High Lonesome is a 1950 American Technicolor Western film written and directed by Alan Le May, who remains famous for writing the classic Western novels The Searchers and The Unforgiven as well as numerous screenplays. High Lonesome was Le May's only directorial credit. The picture stars John Drew Barrymore (billed as "John Barrymore, Jr."), features Chill Wills and Jack Elam and is set in the Big Bend country of West Texas.

Plot
A young drifter is found stealing food at Horse Davis' ranch by Boatwhistle, the cook. Another rancher, Pat Farrell, who is engaged to Horse's daughter Abby, believes the boy to also be a horse thief and possibly worse.

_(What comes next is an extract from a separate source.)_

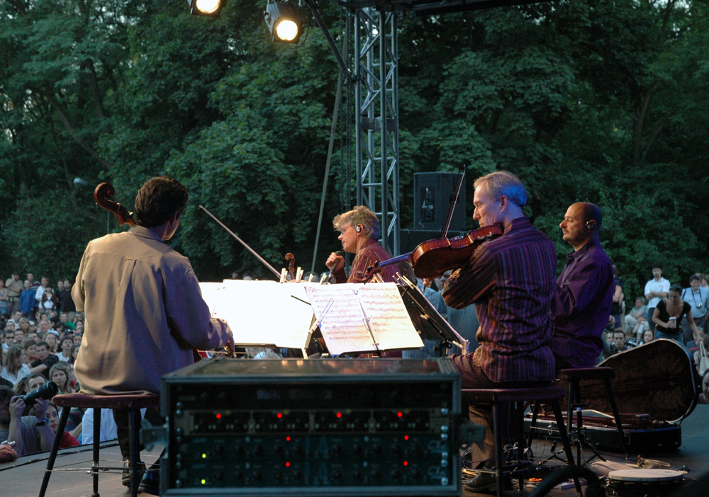 The Kronos Quartet performing in Warszawa, Poland in July 2006. Photograph by Henryk Kotowski.

Given the nickname Cooncat by the cook, the boy explains that he was wrongfully accused of murdering a man named Shell and has fled from the law. Shell owed him money, he says, and two strangers known as Smiling Man and Roper gave him a gun to confront Shell. He wound up unconscious and next to Shell's bullet-riddled body.

Horse doubts the boy's story, though youngest daughter Meagan believes it. At a barn-warming party for Pat, word comes that his parents have been found murdered. A livid Pat is ready to hang Cooncat for the crime. Horse talks him out of it, creating a rift between the two old friends.

Smiling Man and Roper turn up in the bunkhouse. They laugh at Cooncat's predicament and call him their lucky charm. Boatwhistle is killed by Smiling Man, and Cooncat flees the ranch before the rest of the family gets home. Horse decides Pat was right about the boy and plans to ride out to hunt him down in the morning. Cooncat comes back and talks to Meagan through her window before returning to the trading post to look for the body of Jim Shell. Megan leaves a note for her father and goes with him. The Roper and Smiling Man show up, and Megan and Cooncat hide in some ruins until morning, when Horse Davis, Frank, Dixie, and Pat Farrell show up. Horse starts to go into the trading post to ambush who he thinks is Cooncat, but is really the Roper and Smiling Man. Cooncat comes out of hiding to warn him and is shot by the two inside. Horse goes in and confronts them, killing the Roper, but is knocked down by the Smiling Man. Pat shoots Smiling Man just as he is about to kill Horse, and as Meagan cradles the wounded Cooncat, Pat and Horse agree to take him under their wing.

Cast
 John Barrymore Jr. as Cooncat
 Chill Wills as Boatwhistle
 John Archer as Pat Farrell
 Lois Butler as Meagan Davis
 Kristine Miller as Abby Davis
 Basil Ruysdael as "Horse" Davis
 Jack Elam as Smiling Man
 Dave Kashner as Roper
 Frank Cordell as Frank
 Clem Fuller as Dixie
 Hugh Aiken as Art Simms
 Howard Joslin as Jim Shell

Production
John Drew Barrymore was the son of John Barrymore and the father of Drew Barrymore.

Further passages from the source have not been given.